A big yoke is a cherry on top of a great physique that you’ll see on strength athletes, bodybuilders, and movie stars. And it makes them look imposing and someone to be feared and admired.
And there are many exercises that will help develop impressive upper traps and back. But not too many exercises that will strengthen your deadlift, grip and build a big yoke all at the same time. Sounds too good to be true?
However, there is one exercise that can do this and more.
Without any further ado, let me introduce you to Kirk Shrugs. The best shrug variation you’re not doing.
How Kirk Shrugs got their name
They got their name from the guy who first used them, Kirk Karwoski.
Kirk is an American world champion powerlifter and 7-time USPF National Powerlifting Champion. And for good measure, he’s a 6-time IPF World Powerlifting Champion and an IPF Junior World Powerlifting Champion.
He’s been strong for a very long time.
He’s considered one best Squatters in the history of powerlifting, and he currently holds the IPF equipped world record in the squat of 1,003 pounds in the 275 pounds weight class, which was set back in 1995.
The story goes he started doing this shrug variation to increase his grip strength for the deadlift. His coach, Marty Gallagher thought this exercise would help him pull heavier.
And Marty was right as Kirk pulled an 800-pound deadlift.

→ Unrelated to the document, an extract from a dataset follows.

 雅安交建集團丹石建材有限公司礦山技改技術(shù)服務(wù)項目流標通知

But what Marty and Kirk discovered they built a bigger yoke too.
What are Kirk Shrugs?
Kirk shrugs like most shrugs as the train the upper traps, back, and shoulders. But there are a few differences making this exercise more effective than your standard shrug.

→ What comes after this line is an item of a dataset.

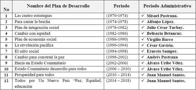 Considerado el Plan de Desarrollo como la herramienta formal y legal por medio de la cual, se trazan los objetivos de gobierno, permitiendo la evaluación de su gestión, esta es la herramienta que sirve de base y provee de lineamientos estratégicos de las políticas públicas formuladas, se socialicen, evalúen, se realice el seguimiento. A continuación se muestran por periodos administrativos los pilares de desarrollo y crecimiento que se planificaban a lo largo de todo el territorio nacional y que siguen enunciando sin ser representativos a lo largo del territorio nacional y que deberían ser hoy de una Colombia totalmente distinta que pudiera representarse en país con indicadores altísimos de calidad y oferta de infraestructura social teniendo a Colombia en los más altos estándares de calidad.

How to perform the Kirk Shrug
- Load a barbell at 25 % of your usual barbell shrug weight to start with.
- Grip the barbell using a thumbless grip by hooking the barbell with your fingers.
- “Shrug” the barbell up by using your traps and lats. Pull the barbell as high as you can without using any other part of the body while keeping the shoulder blades back and down.
- Hold the barbell at the navel level for one second. Sounds easy but it isn’t.
- Slowly lower the weight to the starting position, resisting the pull of the weight on the way down. Do this while keeping your shoulder blades back and down.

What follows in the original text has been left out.